# Pictures of Gretzky



## Brandy's Mom (Oct 5, 2005)

Wow! He's is absolutely gorgeous! You have to extremely handsome boys, there.


----------



## vrocco1 (Feb 25, 2006)

Wow! Those are two very good looking doggies. In the side by side picture, they have two very similar faces, even though the color is completely different. Judging by Gretzky's coat, I'd say your vet was right on about his age also. Thanks for the pictures...


----------



## monomer (Apr 21, 2005)

You know from the title, I half expected to see some ice and hockey sticks in these pictures :doh: 

Nice dogs, I'm glad they are getting along so well for you... does the great Gretzky get to go to Blue Lake this time?


----------



## Denali and Gretzky's Mom (Jun 26, 2006)

monomer said:


> You know from the title, I half expected to see some ice and hockey sticks in these pictures :doh:
> Nice dogs, I'm glad they are getting along so well for you... does the great Gretzky get to go to Blue Lake this time?
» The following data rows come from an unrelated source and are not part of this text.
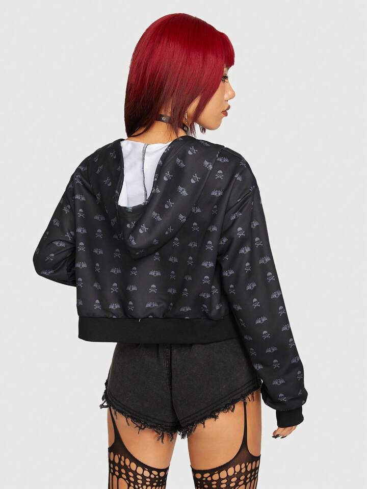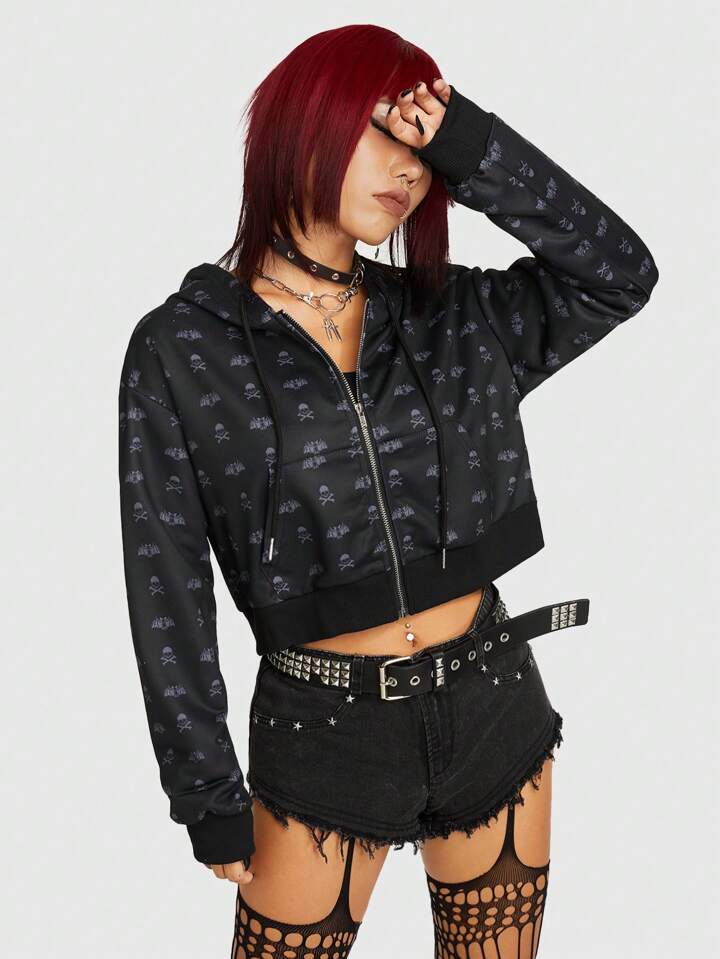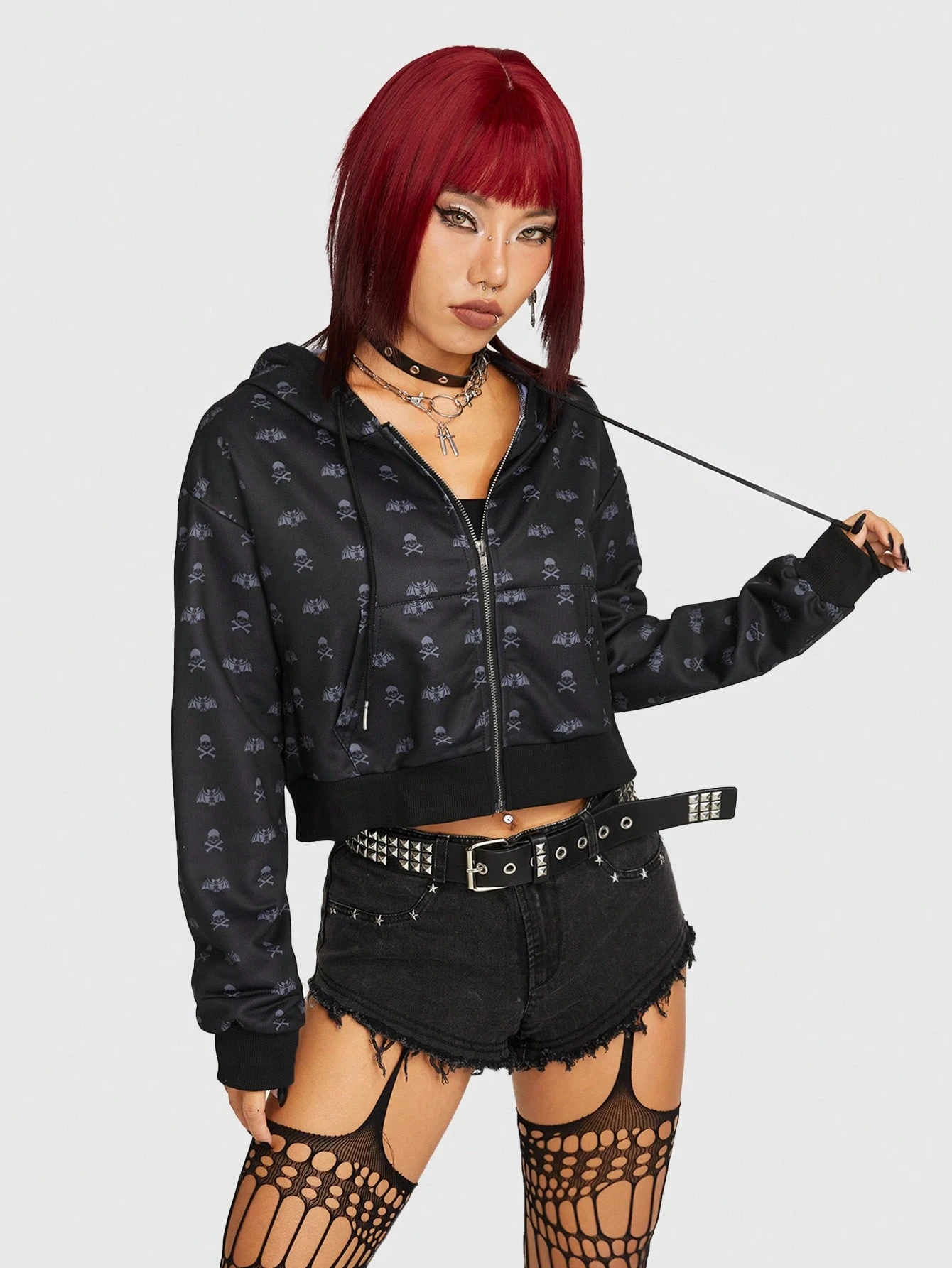 Grunge Punk Capucha estampado de cráneo con cremallera con cordón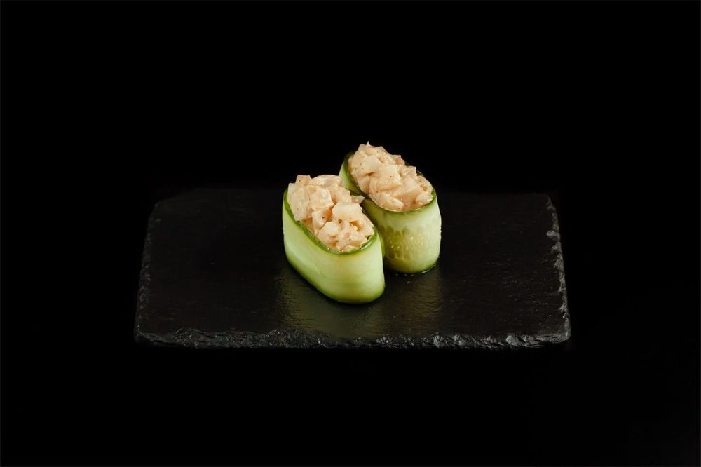 Морской гребешок, огурец, spicy соус, суши рис
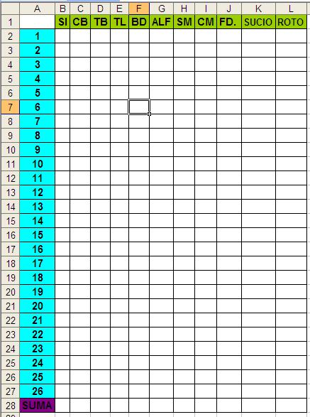 En la columna de la izquierda se ponen los números de las habitaciones y en la horizontal de arriba, cada una de las clases de ropa que hay en la habitación siendo:

Maybe the next time, I'll just pull off some pics of the mountain and the player, and see what kind of reaction I get!! :roflmao: :roflmao: I have to admit, we get some interesting looks with those two names!
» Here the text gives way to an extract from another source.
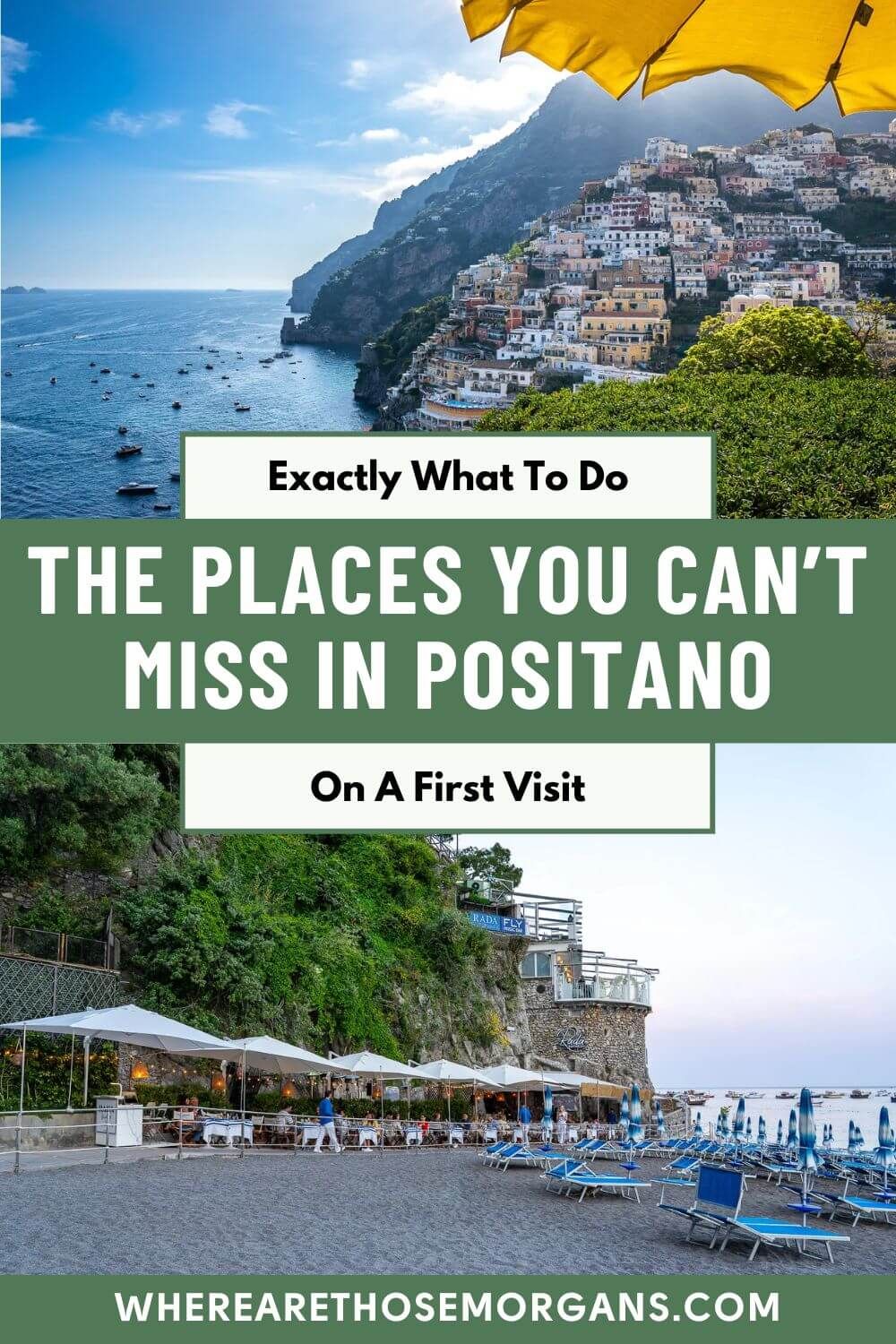 Tip: One thing we would consider doing for a splurge on a honeymoon to Positano is skip the two main beaches and instead go to the exclusive and private Arienzo Beach Club. It costs a lot more money (hundreds of euros) but it looks like a real premium experience.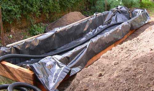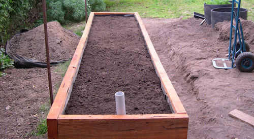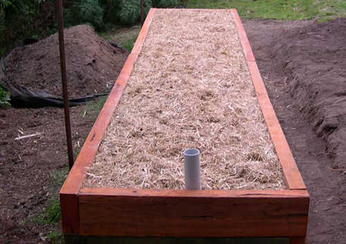 "La cama gusano drenaje es un sistema altamente productivo que no sólo produce más alimentos de agua limitada, pero también recicla residuos orgánicos para proporcionar nutrientes y captura de carbono en planta. La esencia es formar un depósito subterráneo de agua o estanque contenida en un envase impermeable o trazador de líneas debajo de la superficie del suelo. Las plantas son productivas porque tienen un suministro continuo de agua y nutrientes". Colin Austin

Unfortunately the boys have bronchitis, so we can't go to the lake for another two weeks. We have a great book of hikes for dogs in Colorado, and we plan on taking them on quite a few this summer! Gretzky still has some work to do, as he gets very defensive and barks at people he doesn't know. As soon as we can take him out, we will be trying to help him learn the "nice" way to greet people. (i.e. no growling/barking) I think getting him into some training classes and just out in public in general will help him learn that people aren't out to get him. I'm thinking that his previous owner didn't take him very many places, and so he just doesn't know what to do when he meets someone new. Anyway, that got long-winded, but at some point, yes, Gretzky the great will get to go to Blue Lake as well!


----------